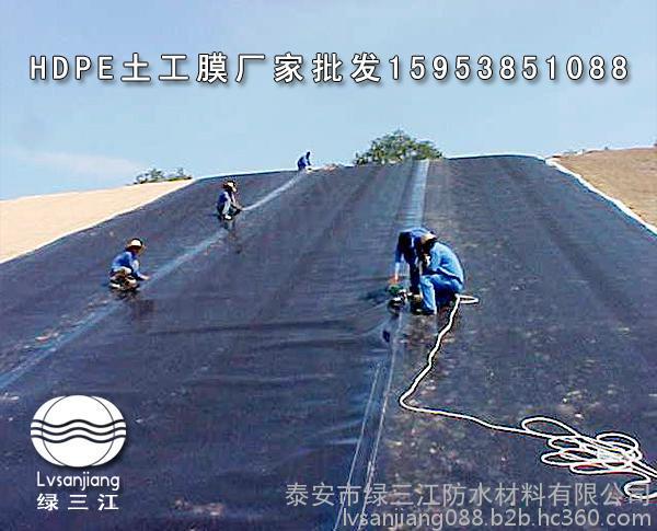 泰安市山东绿三江防水材料有限公司常年生产经营hepe土工膜,产品销往全国各个省市,有的还出口。土工膜产品种类丰富,价格都是同行业最低,生产过程中的每一道工序都经过合格检验,保证生产的产品质量达标,并且都有合格证书,请广大消费者放心购买。近年来,随着hdpe需求的越来越多,市场上出现的土工膜种类也是多种多样,质量参差不齐,所以还请广大购买时认真对比,认准''绿三江''品牌的土工膜。山东绿三江批发销售养殖土工膜 蓄水池专用土工膜
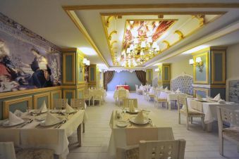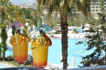 Хотелът има основен ресторант и 2 а`ла карт ресторанта - турски и италиански. В петте бара се поднасят разнообразни напитки.
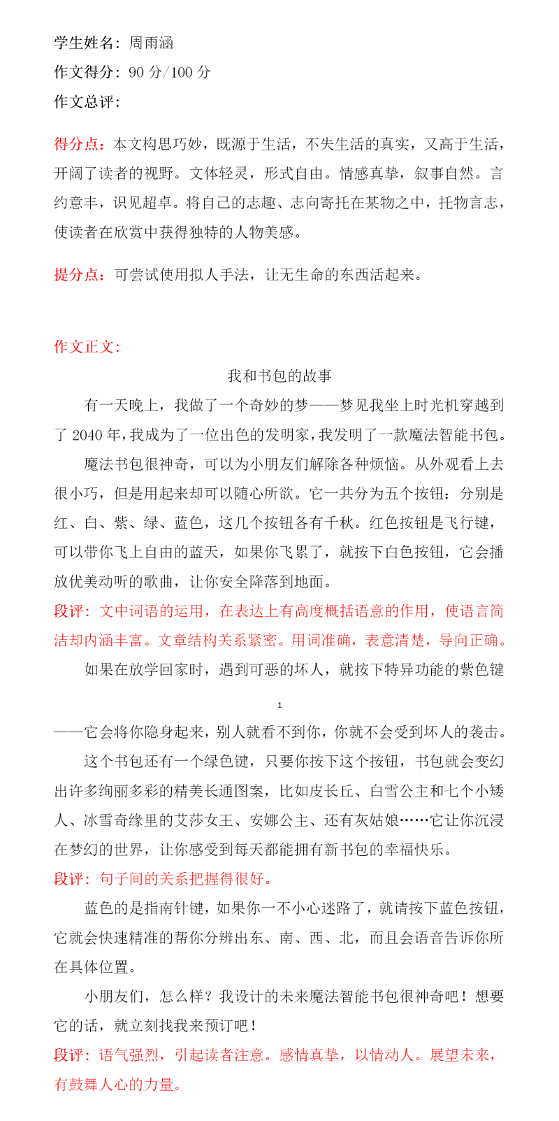 本文大胆想象,敢于突破创新,设计出魔法智能书包,将自己美好的愿望寄托在魔法书包之中,新颖而充满乐趣,一解平时学习生活中单调与乏味,带领读者进入美好而神奇的想象世界。愿你继续在写作的殿堂里展翅翱翔。
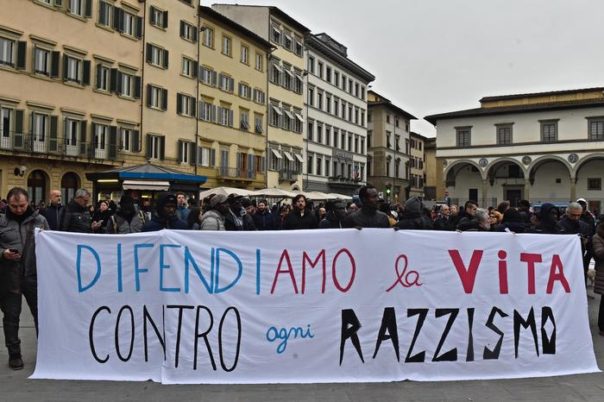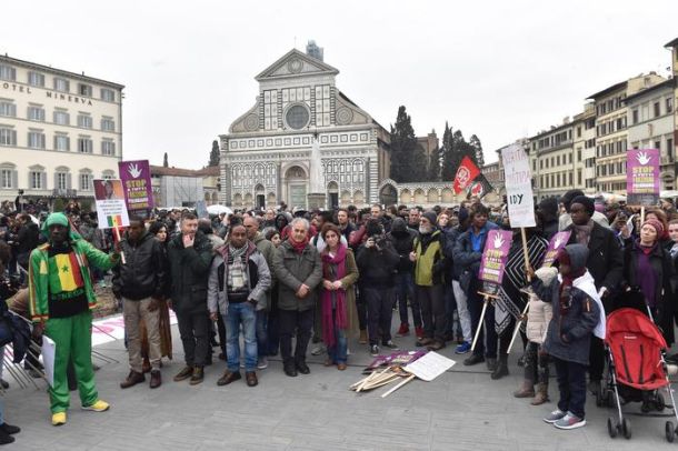 FIRENZE – Migliaia di persone si sono concentrate in piazza Santa Maria Novella a Firenze per partecipare al corteo promosso dalle associazioni dei senegalesi a Firenze, per ricordare il loro connazionale Idy Diene, 54 anni, venditore ambulante ucciso a freddo da Roberto Pirrone il 5 marzo scorso sul ponte Amerigo Vespucci, e contro il razzismo. Secondo quanto previsto il corteo dovrà raggiungere il ponte dell’omicidio. In apertura il servizio d’ordine degli organizzatori è formato da senegalesi con pettorina recante la scritta ”Diritti senza confini”. Un cartello è dedicato alla vittima: ”Idy era una persona di pace non vogliamo fare casino!”. Altre scritte su striscioni e cartelli sono ”Nardella, il vero degrado sei tu puliamo la città dal razzismo”, ”Il vostro decoro non vale una vita spezzata. Antirazzisti con ogni mezzo necessario. Firenze antifascista”, ”Je suis fioriera”, quest’ultima scritta allude ai grandi vasi rotti la sera del 5 marzo in via Calzaiuoli dai senegalesi arrabbiati per la morte del loro connazionale.
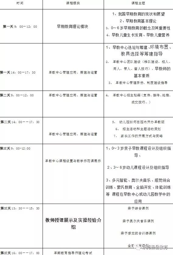 授课内容主要为:0~6岁早期教育的概念及其重要性、我国早期教育的现状和展望、早教儿童生长发育、早教儿童营养、早期教育基本理论、早教师的基本素质、早期教育的先进理念及其运用、0~3岁亲子早教课程设计及组织指导、3~6岁幼儿园课程设计及组织指导、早期教育管理应用及早教基地筹建与运营等。授课内容注重实际操作能力的培养,方法更先进、知识更全面。
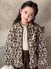 Abrigo de piel con estampado de leopardo para niña, otoño e invierno 2023, nueva ropa infantil, chaqueta de lana de cordero con cuello estilo occidental para niños

***

Above are the records. Copy only the lines from the one with "Хотелът има основен" through the one with "授课内容主要为:0~6岁早期", exactly, with no pictures.

 Хотелът има основен ресторант и 2 а`ла карт ресторанта - турски и италиански. В петте бара се поднасят разнообразни напитки.
 本文大胆想象,敢于突破创新,设计出魔法智能书包,将自己美好的愿望寄托在魔法书包之中,新颖而充满乐趣,一解平时学习生活中单调与乏味,带领读者进入美好而神奇的想象世界。愿你继续在写作的殿堂里展翅翱翔。
 FIRENZE – Migliaia di persone si sono concentrate in piazza Santa Maria Novella a Firenze per partecipare al corteo promosso dalle associazioni dei senegalesi a Firenze, per ricordare il loro connazionale Idy Diene, 54 anni, venditore ambulante ucciso a freddo da Roberto Pirrone il 5 marzo scorso sul ponte Amerigo Vespucci, e contro il razzismo. Secondo quanto previsto il corteo dovrà raggiungere il ponte dell’omicidio. In apertura il servizio d’ordine degli organizzatori è formato da senegalesi con pettorina recante la scritta ”Diritti senza confini”. Un cartello è dedicato alla vittima: ”Idy era una persona di pace non vogliamo fare casino!”. Altre scritte su striscioni e cartelli sono ”Nardella, il vero degrado sei tu puliamo la città dal razzismo”, ”Il vostro decoro non vale una vita spezzata. Antirazzisti con ogni mezzo necessario. Firenze antifascista”, ”Je suis fioriera”, quest’ultima scritta allude ai grandi vasi rotti la sera del 5 marzo in via Calzaiuoli dai senegalesi arrabbiati per la morte del loro connazionale.
 授课内容主要为:0~6岁早期教育的概念及其重要性、我国早期教育的现状和展望、早教儿童生长发育、早教儿童营养、早期教育基本理论、早教师的基本素质、早期教育的先进理念及其运用、0~3岁亲子早教课程设计及组织指导、3~6岁幼儿园课程设计及组织指导、早期教育管理应用及早教基地筹建与运营等。授课内容注重实际操作能力的培养,方法更先进、知识更全面。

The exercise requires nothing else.